Personal information
- Born: October 31, 1997 (age 28) Cincinnati, Ohio, U.S.
- Height: 6 ft 2 in (1.88 m)
- Weight: 220 lb (100 kg)

Career information
- High school: Elder (Cincinnati, Ohio)
- College: Indiana (2016–2019); Northwestern (2020);

Awards and highlights
- Third team All-Big Ten (2020);
- Stats at Pro Football Reference

= Peyton Ramsey =

American football player (born 1997)

Peyton Ramsey (born October 31, 1997) is an American former college football quarterback who played for the Indiana Hoosiers and Northwestern Wildcats.

==Early life==
Ramsey grew up in Cincinnati, Ohio and attended Elder High School, where he played football and basketball. His father, Doug Ramsey, is Elder's head football coach. He was named the Greater Catholic League South Player of the Year after he threw for 2,062 yards and 13 touchdowns and rushed for 908 yards and 12 touchdowns in his junior season. As a senior, Ramsey passed for 2,689 yards passing and 26 touchdowns and rushed for 1,232 yards and 16 touchdowns and repeated as the conference player of the year. At Elder, Ramsay set records for passing yardage, total touchdowns, completions and attempts, and held single-game records for the latter three.

==College career==
===Indiana===
Ramsey redshirted his true freshman season. He played in nine games with four starts as a redshirt freshman and was named the Big Ten Conference All-Freshman team after passing for 1,252 yards with 10 touchdowns and five interceptions and rushing for 226 and two touchdowns. Ramsey started all 12 of the Hoosiers games as a redshirt sophomore and threw for 2,875 yards and 19 touchdowns while running for 354 yards and five touchdowns. Ramsey lost his starting job as a redshirt junior to Michael Penix Jr., but returned as the starter after Penix suffered a season ending injury and was named honorable mention All-Big Ten after passing for 2,454 yards and 13 touchdowns. After the season, Ramsey announced that he would be leaving the program.

===Northwestern===
Ramsey joined the Northwestern Wildcats as a graduate transfer for the 2020 season.
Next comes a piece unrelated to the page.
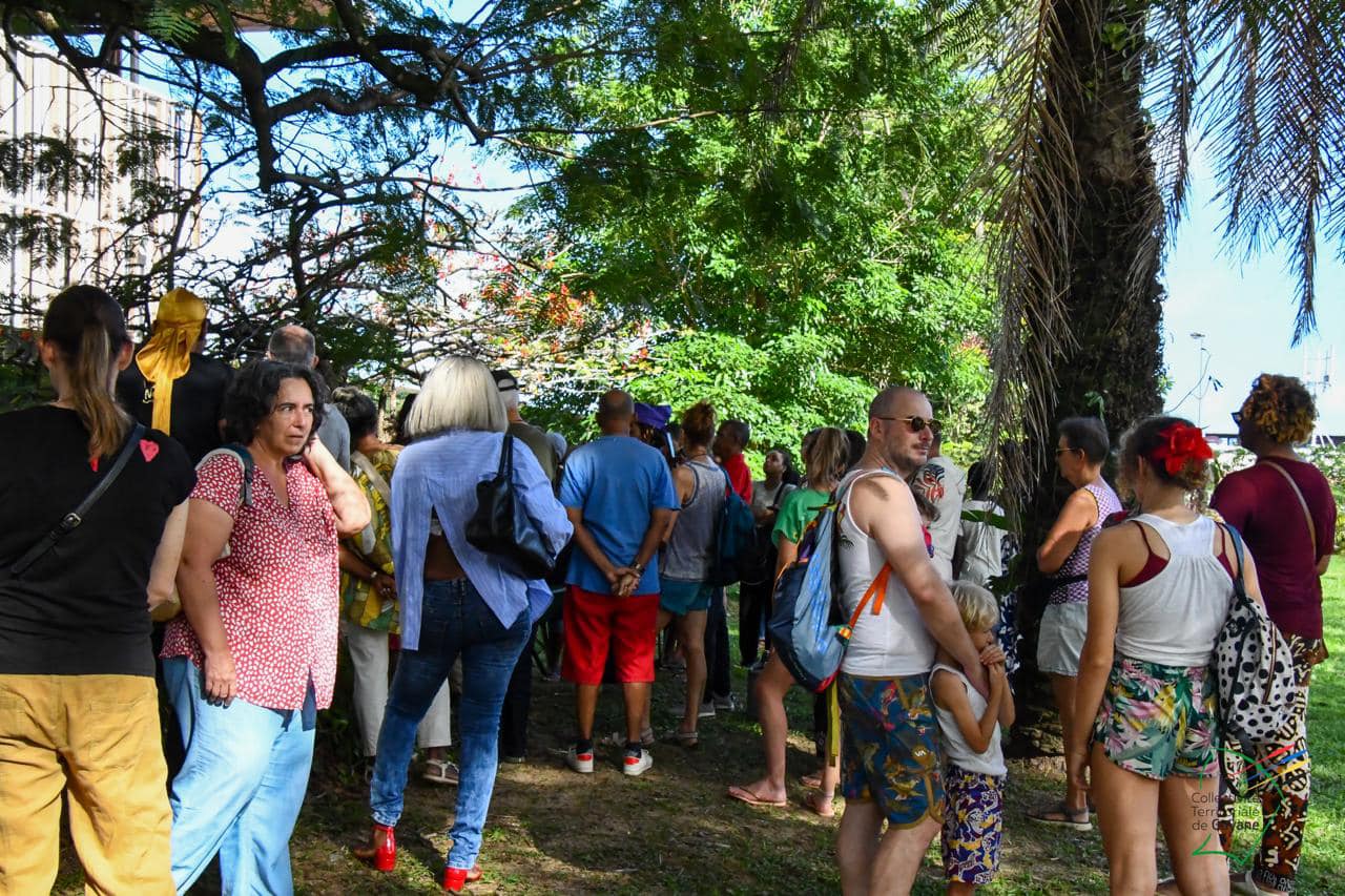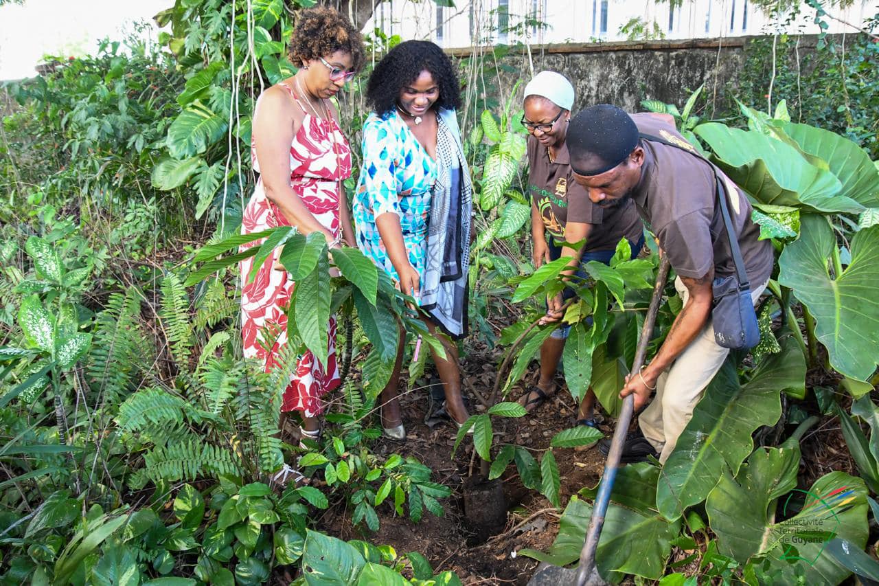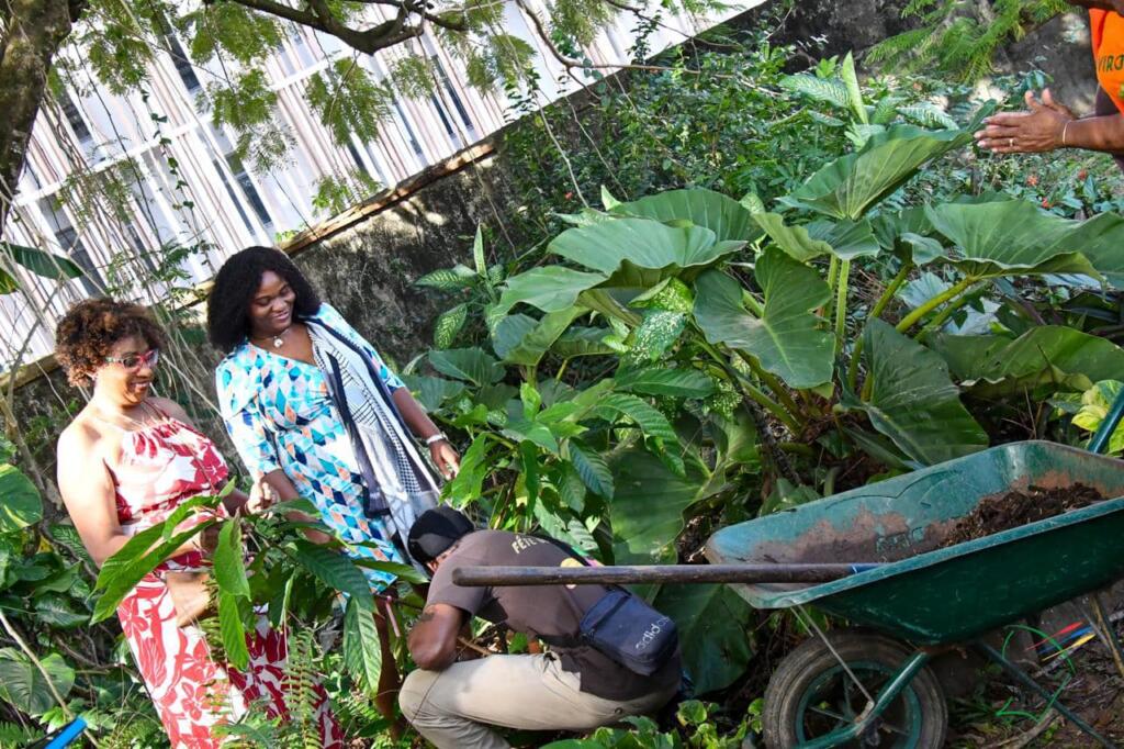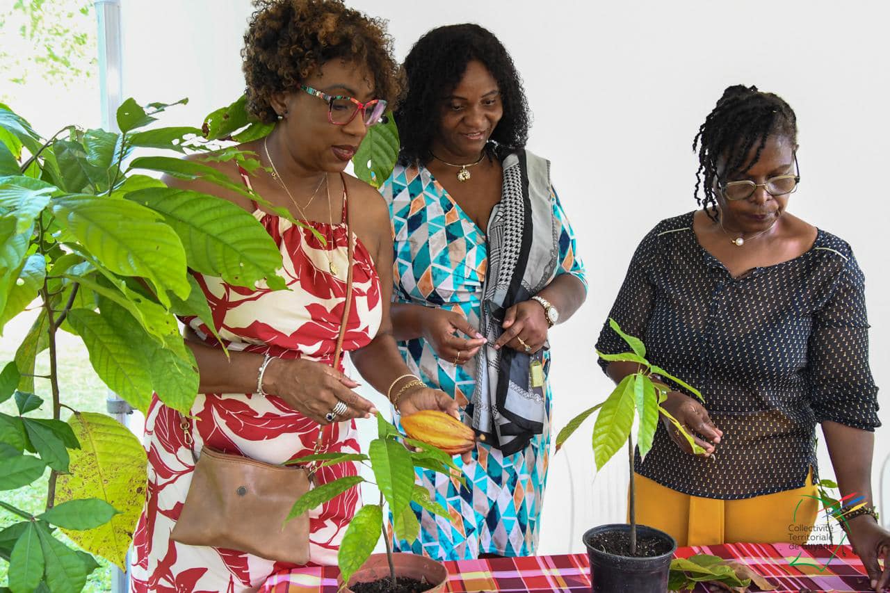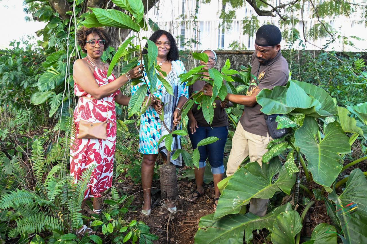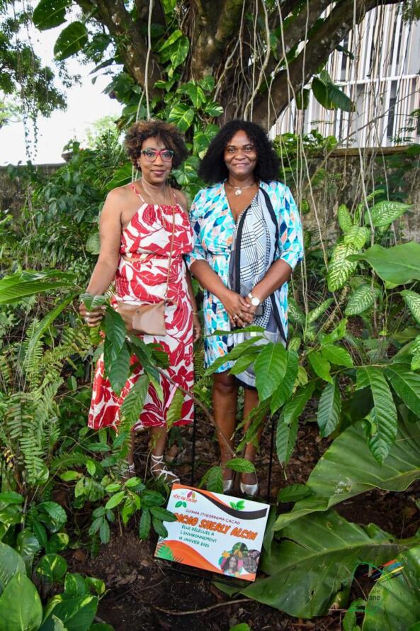 - La mise en terre d’un cacaoyer pour la première fois au jardin botanique, par les élues Christiane Barbe et Sherly Alcin, aux côtés des agents.

Ramsey was named the Wildcats' starting quarterback and was named third-team all Big Ten after completing 172-of-282 passes for 1,733 yards with 12 touchdowns and 8 interceptions in nine games in a shortened season. Ramsey was named the Most Valuable Player of the 2021 Citrus Bowl after completing 24-of-35 passes for 291 yards and three touchdowns and running for 50 yards in a 35-19 win over the Auburn Tigers. Ramsey declared for the 2021 NFL draft. After going undrafted, he attended rookie minicamp on a tryout basis with the Carolina Panthers.

==Personal life==
Ramsey is named after Hall of Fame quarterback Peyton Manning.